Then she was forgotten by the public that had enthusiastically applauded her, and which only sighed sadly, a year later, on hearing of her death, in a far off Italian town,—sighed, talked a little, and forgot again.

It chanced that a few years later I was in Italy, and being not many miles from the town where I heard that she was buried, and a trifle overstrung by a few months delicious, aimless life in that wonderful country, I was taken with a sentimental fancy to visit her grave.

It was a sort of pilgrimage for me, for I had given to Dillon my first boyish devotion.

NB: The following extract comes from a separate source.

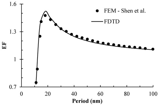 The absorbed fraction of optical power can be obtained by solving underlying physical equations, i.e., Maxwell’s electromagnetic equations. Maxwell’s equations are a set of partial differential equations which describe the relationship between electric and magnetic fields and incident light. Maxwell’s equations are generally solved numerically, except for a few simple cases where analytical solutions exist. One of the most popular methods for solving these equations is the Finite Difference Time Domain (FDTD) method which discretizes the spatial and temporal grid called Yee’s cell. In this study, a commercial software [32] provided by Lumerical Inc. (Vancouver, Canada) is used to facilitate FDTD simulations. EF is calculated for a photovoltaic cell structure in Figure 1 for , , , and for different . Computed EF values are compared with Finite Element Method (FEM) simulations by Shen et al. [30] in Figure 2.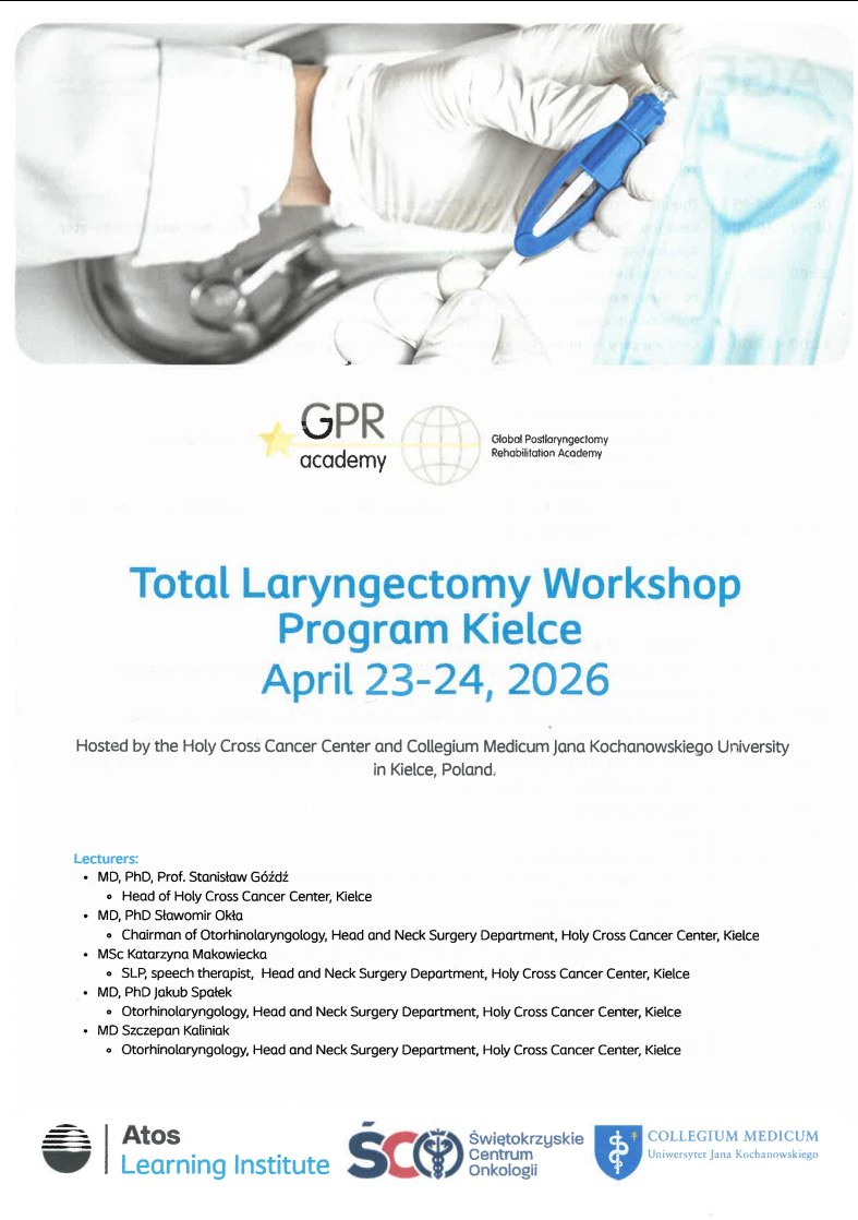 Międzynarodowe Warsztaty Otolaryngologiczne „Total Laryngectomy Workshop” pod patronatem Global Postlaryngectomy Rehabilitation Academy (GPR Academy), 23-24.04. 2026 r., Świętokrzyskie Centrum Onkologii w Kielcach. Organizatorem wydarzenia jest Klinika Otolaryngologii, Chirurgii Głowy i Szyi Świętokrzyskiego Centrum Onkologii.

I thought of her, and to remember her was to recall her rare charm, her beauty, her success, after a long struggle, and the unexpected, inexplicable manner in which she had abandoned it. It was to recall, too, the delightful evenings I had spent under her influence, the pleasure I had had in the passion of her "Juliet," the poetic charm of her "Viola"; the graceful witchery of her "Rosalind"; how I had smiled with her "Portia"; laughed with her "Beatrice"; wept with her "Camille"; in fact how I had yielded myself up to her magnetism with that ecstatic pleasure in which one gets the best joys of every passion, because one does not drain the dregs of any.

I well remembered her last night, how she had disappeared, how she had gone to Europe, how she had died abroad,—all mere facts known in their bareness only to the public.

It was hard to find the place where she was buried. But at last I succeeded.

It was in a humble churchyard. The grave was noticeable because it was well kept, and utterly devoid of the tawdry ornamentation inseparable from such places in Italy. It was marked by a monument distinctly unique in a European country. It was a huge unpolished boulder, over which creeping green vines were growing.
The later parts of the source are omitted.